Unifying data on protein abundance
October 1st, 2020, by Heidi Tran
Scientific research is about investigating a new question or idea, either by primary research or collating and analyzing secondary data. A big obstacle for the latter is that studies from different groups often use different methods or units to study and report similar outcomes, which can make it difficult to collate findings, perform analyses, and draw valid conclusions.
A 2017 study by Ho et al. attempted to rectify this issue by unifying findings from studies that had used different methods and units to study and report protein abundance.
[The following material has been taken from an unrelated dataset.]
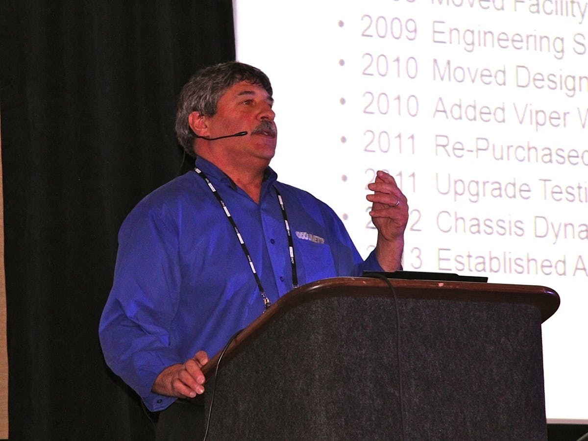 Carducci presented an enjoyable discussion on the development of the Viper engine and how it’s adapted to a variety of racing applications. While somewhat short on specifics — even information on dyno charts were redacted — the overall emphasis was that a good production engine can be a great racing engine.

The authors found 19 studies that had quantified protein abundance in yeast, a type of microorganism that is widely used in biomedical research, when the yeast were in normal conditions and when they were under stress. They used statistical analyses and data processing methods to convert these disparate results into a single unit of measure – molecules per cell. Their goal was to improve comparability for future analyses, both their own and others’.
Examining 5702 proteins – 97% of the yeast proteome – the researchers found that the number of yeast proteins varied according to their function, with the most abundant proteins playing roles in cell growth and development. While the number of molecules of each protein type ranged from as few as 5 to as many as 1.3 million molecules per cell, two-thirds of the proteins were expressed at 1000–5000 molecules, which, according to the researchers, suggests “that it is rare for proteins to be present at very high or very low copy numbers”.
The researchers also compared results obtained using mass spectrometry methods and fluorescence-tagging, which differ in sensitivity. They found that most proteins (95%) were not affected by the presence of fluorescent tags, a finding that is sure to please the many researchers who use this common method to examine protein distribution and levels.
The researchers confirmed that the number of proteins changed (increased or decreased) under normal versus stress conditions, and concluded that the unified data will be a “useful resource for further analysis of the dynamic regulation of the proteome”.
This study is an example of how “novel” research can arise from collating the findings of previously published studies. While stand-alone novel research is always needed, studies that combine data on what is already known about a particular subject also play an important role in progressing scientific research.